OMG I LOVE IT!!!!!!!

180yareader2
Feb 22, 2008, 7:03 pm

I love it too

181Netea
Feb 22, 2008, 8:17 pm

thank you very much

sitting in such a state
as the breath of many reaches my ears
a quiet deemed palce
So loud
near me is my heart
Beside me speaking
Listening with dull eyes
Holding my every attention
I not it
Not his
Not this
Not you and I
Just...
Me
I drone about hings
You should not consider
I dream of things
So ill thought of
But when I speak
I know you hear
And this is enough
The scent of my heart
Is close at hand
It fills me
Chooses me
But does not stay
I have but a brief moment
Until it fades away
Yet again
As this is not the first
My heart has been many
And I know this well
Unchosen and very ill placed
It stays with those it knows not
Everytime they walk
So does it
And I don't get it back
Until the next breath
My breath
My breath
My breath
My breath
Short and to the point
It cannot sustain my life
Is this for real?
My every trusting heart?
Is this your final choice?
Or just another fancy

182yareader2
Feb 22, 2008, 8:43 pm

beautiful. I hope I don't say anything wrong, but are there any typos in this? Maybe I am just a novice, but would you discuss them or should I just read and enjoy them. :)

183Smiley_Scorpio
Feb 23, 2008, 9:24 am

gooooooooooooooooooooooooood

184Jakeofalltrades
Feb 24, 2008, 10:42 am

Standard Issue Teenage Angst Poem, Only 99c
By Jacob Martin

The beast inside me kills me
the face of death it thrills me
the sight of his bones chills me
The heat of battle grills me

I’m fighting my inner demons
Nobody else can see them
My mind it screams like a museum
of Freakshows and Oddities by the dozen

I laugh in pain I want to cry
So much disgust I want to die
Sometimes I wonder why
I live on when the end is nigh

This crap is the kind of stuff I write
When I listen to Grunge so late at night
Nirvana and Alice In Chains
Puts crazy angst into my brain.

185Netea
Feb 25, 2008, 12:51 pm

you have to realize most of my stuff is written and not looked at again.
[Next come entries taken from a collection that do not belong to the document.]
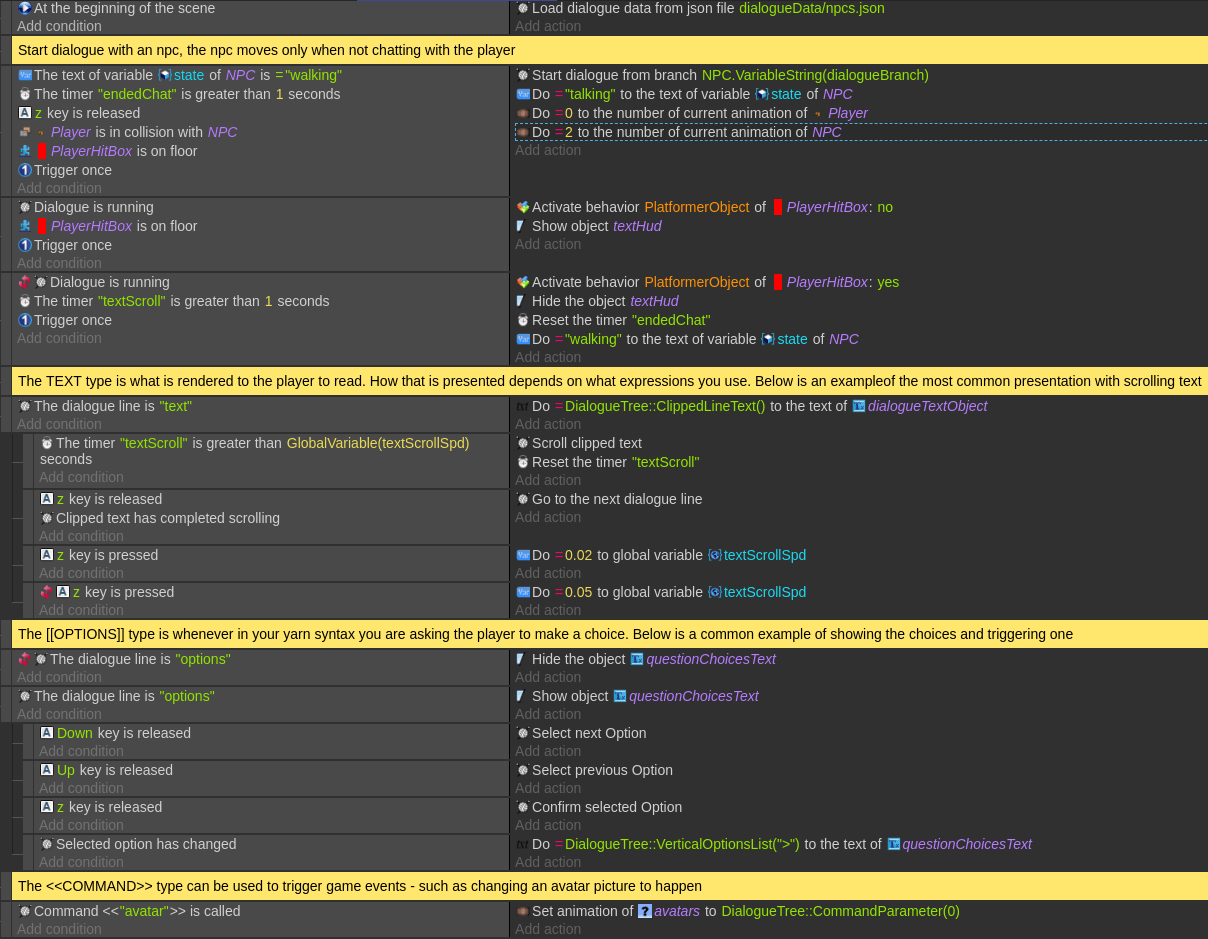 The best starting point is to open the demo project for the dialogue tree extension — the entire dialogue logic fits in about 16 events.
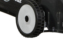 Large diameter aluminium wheels (208mm front, 235mm rear) with ball bearings and replaceable tyres. |
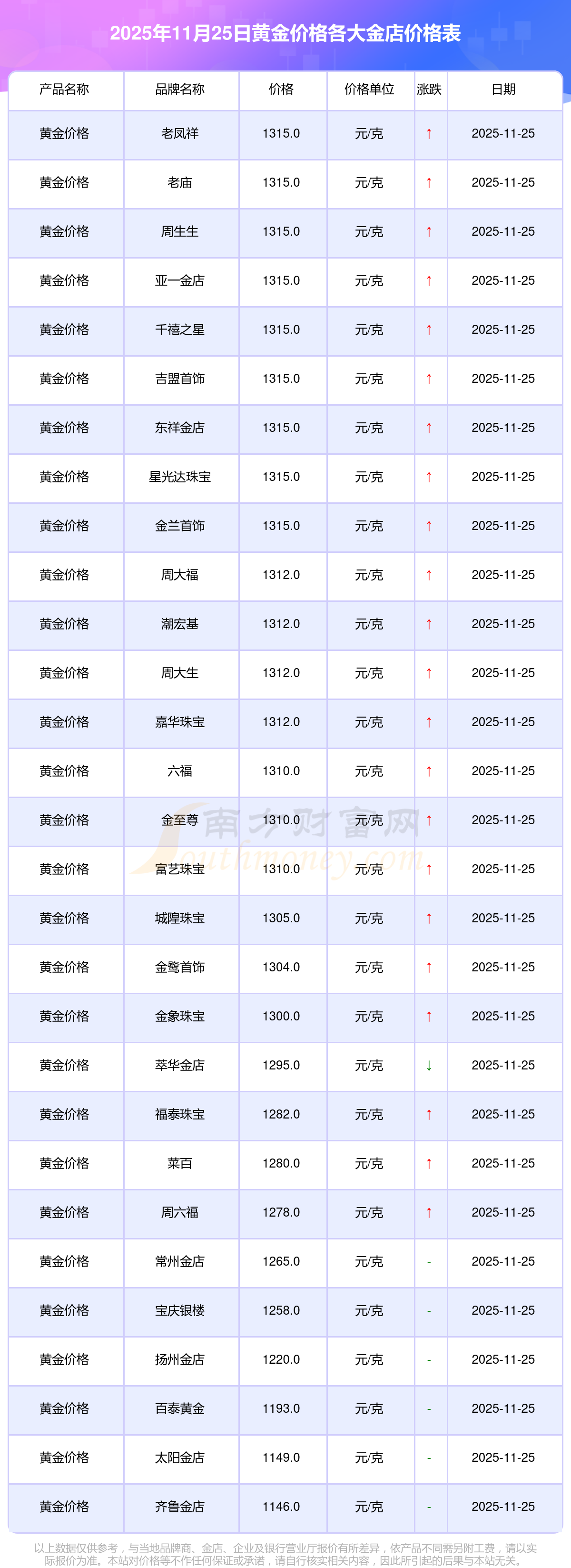 今天是2025年11月25日,周大福、周大福、周大福、周大福、周大福、周大福、周大福、老鳳祥、老鳳祥、老鳳祥、周六福等各大金店品牌黃金價格最新價格如下:周大福1312.0元/克、周大福627.0元/克、周大福1312.0元/克、周大福45780.0、周大福17900.0、周大福41290.0、周大福1148.0元/克、老鳳祥1315.0元/克、老鳳祥600.0元/克、老鳳祥1315.0元/克、周六福1278.0元/克。
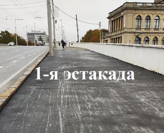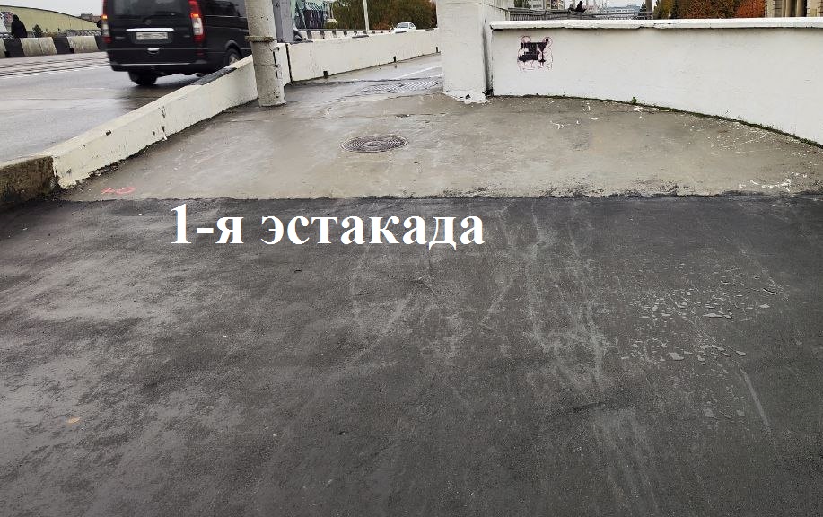 На этой неделе мостовики устранили дефекты покрытия тротуара и выровняли конструктивный перепад на спуске с 1-го эстакадного моста.
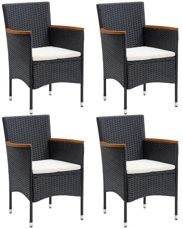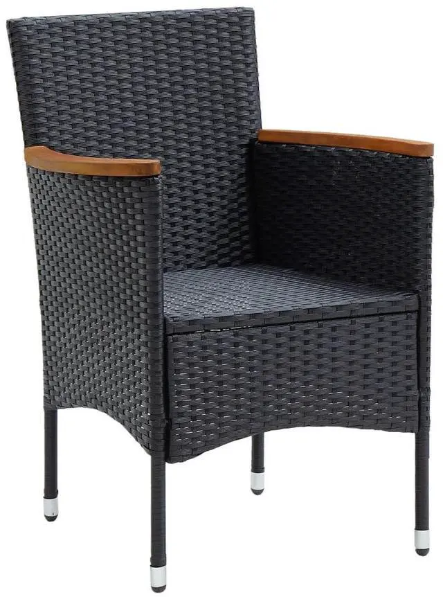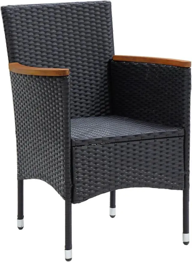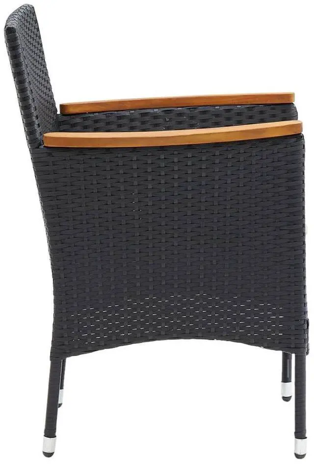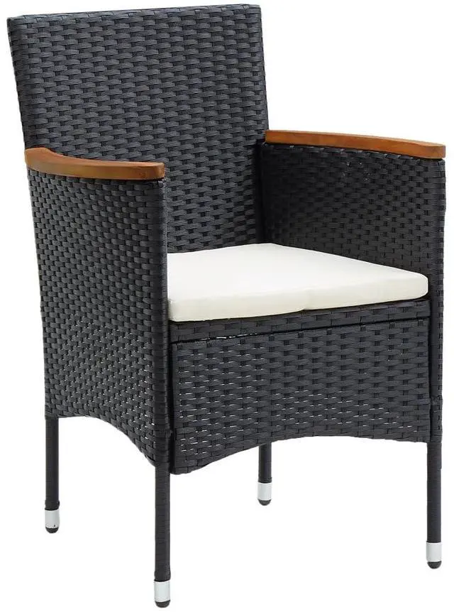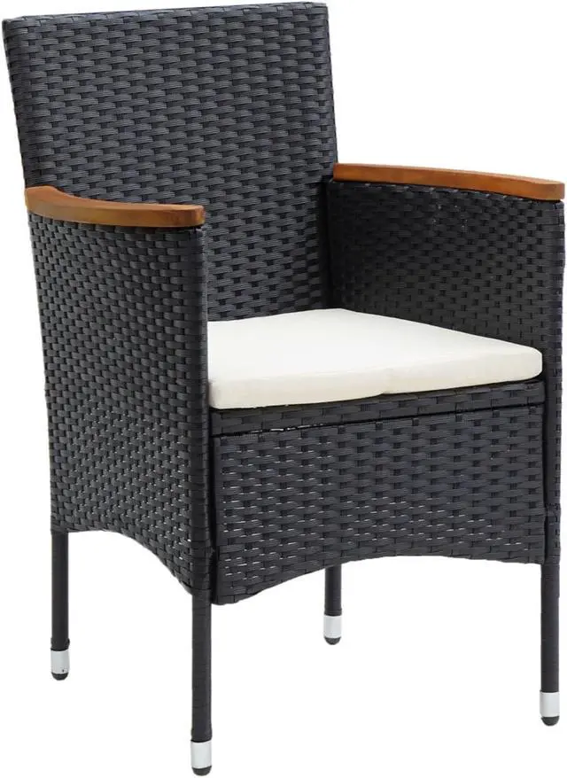 This outdoor dining set of garden chairs is meant to stand out and adds a touch of contemporary style to your outdoor landscape, like gardens, balcony, patio, etc. Sturdy steel frame wrapped with weather-resistant PE rattan, this garden chair set is rust and mildew proof, and provides years of quality relaxation. This outdoor chair set, designed with curved backrest and armrest, features a more ergonomic shape for maximum comfort. The armrests are beautifully decorated with solid acacia wood with a natural oil finish, which brings a sense of rustic charm. Additionally, the thickly padded cushions provide ultimate comfort during your sitting time.
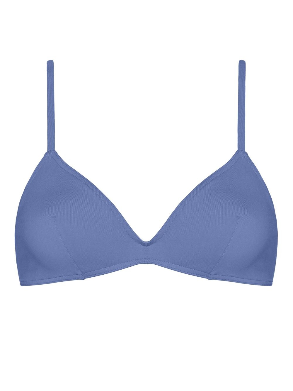 Tourbillon bikini top Highlights - Cornflower blue - Halterneck tie fastening - Rear tie fastening - Triangle cup - Be mindful to try on swimwear over your own garments. Made in France Composition Polyamide 77%, Spandex/Elastane 23% SIZE & FIT FittingInformation This piece fits small – take one size up
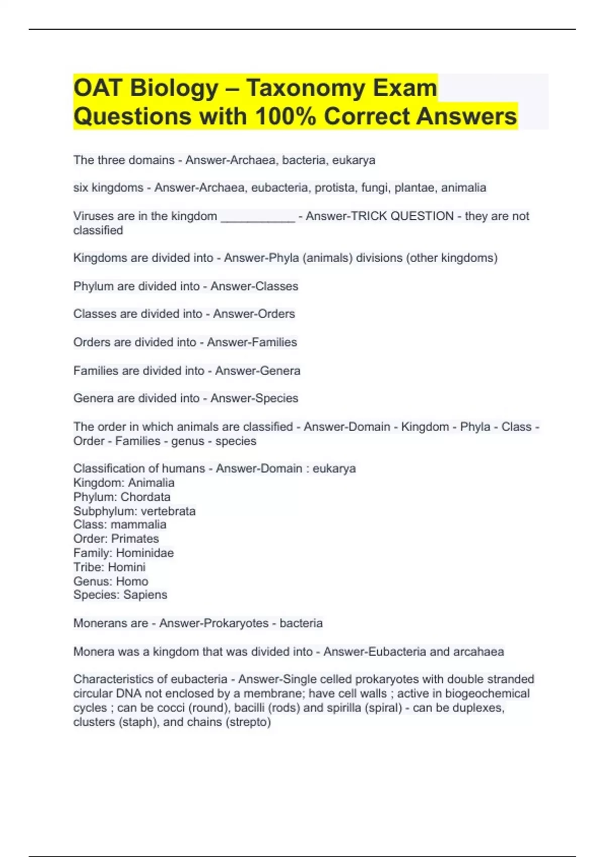 The three domains - Answer-Archaea, bacteria, eukarya six kingdoms - Answer-Archaea, eubacteria, protista, fungi, plantae, animalia Viruses are in the kingdom ___________ - Answer-TRICK QUESTION - they are not classified Kingdoms are divided into - Answer-Phyla (animals) divisions (other kingdoms) Phylum are divided into - Answer-Classes Classes are divided into - Answer-Orders Orders are divided into - Answer-Families Families are divided into - Answer-Genera Genera are divided into - Answer-Species The order in which animals are classified - Answer-Domain - Kingdom - Phyla - Class - Order - Families - genus - species Classification of humans - Answer-Domain : eukarya Kingdom: Animalia Phylum: Chordata Subphylum: vertebrata Class: mammalia Order: Primates Family: Hominidae Tribe: Homini Genus: Homo Species: Sapiens Monerans are - Answer-Prokaryotes - bacteria Monera was a kingdom that was divided into - Answer-Eubacteria and arcahaea Characteristics of eubacteria - Answer-Single celled prokaryotes with double stranded circular DNA not enclosed by a membrane; have cell walls ; active in biogeochemical cycles ; can be cocci (round), bacilli (rods) and spirilla (spiral) - can be duplexes, clusters (staph), and chains (strepto)
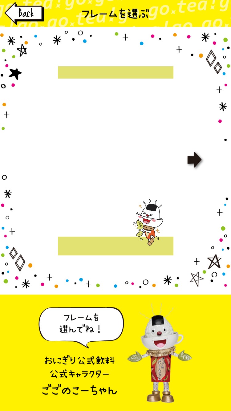 おにぎり公式飲料公式キャラクターのごごのこーちゃんのフレームで写真を撮ることができます。フレームは全部で3種類。
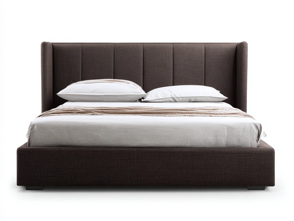La base está fabricada en madera con acabado marrón de tono medio, adecuada para aportar sensación de calidez visual y buena combinación con mesillas, cómodas o armarios en materiales similares. El cabecero incorpora una superficie acolchada revestida en tejido gris, agradable a la vista y apropiada para suavizar el conjunto. La unión entre madera y textil crea un contraste equilibrado que favorece una decoración más acogedora sin recurrir a elementos excesivos.

I just write and type and the end. I don't contemplate my wrtiings usually

186tcw
Mar 11, 2008, 11:12 am

Questo messaggio è stato cancellato dall'autore.

187Netea
Mar 12, 2008, 4:04 pm

I breath in the spring air
I remind myself of souls in my midst
Watching the stars I count them
How many are between here and there
A thousand
A Million
Is this so impossible?
To have only taste such thoughts
Such words and wisdom
It is our kiss
Will you ever breathe me in?
Will you ever see?
Will I ever touch
What souls should be parted
When never come together
Such breath these writings of your hand
Such strength in these words that I see
I know
You know
We know each other
Better than those long loved
My addiction these words
Your words
Millions, I say
There must be millions
From here to there
Yet with each word
My soul glows and I know
There is here

188bookstopshere
Mar 13, 2008, 2:06 pm

Poem with awkward title longer than itself

Sometimes
words
Just
Get in the way.

189Smiley_Scorpio
Mar 13, 2008, 7:59 pm

lol, i love that

190JNagarya
Mar 14, 2008, 1:57 am

This is an old first draft. I like it, but despite working at it for years, it doesn't seem quite right:

The Dance

Dancing is the only recreation
I find worthy of pursuit;
But I don't know any steps,
so my successes balance moot.

So the ballet is a question-mark
Which stands upon one toe,
And the waltz so slow and easy
I forget where I'm to go.

But the Charleston is a city--
it grants to me a destiny;
And the fox trot as a way to travel
Seems to furnish me the key.

But along comes Mr. Pirouette,
a spin designed to dizzy me.
So I'm lost again without a style,
Without some well known way to see.

Dancing is the only recreation
I find worthy of pursuit;
But I don't know any steps,
so my successes balance moot.

2/24/74

Copyright 1974-2008 (of course)

191bookstopshere
Mar 14, 2008, 9:40 am

I almost like it - many smiles, but can a dancing verse be wrong footed?

192JNagarya
Mar 14, 2008, 5:06 pm

#191

I think the problem with it might be the apparent humor -- it's intended to be serious about the realities, and ultimate outcome, of one's "dance" with life.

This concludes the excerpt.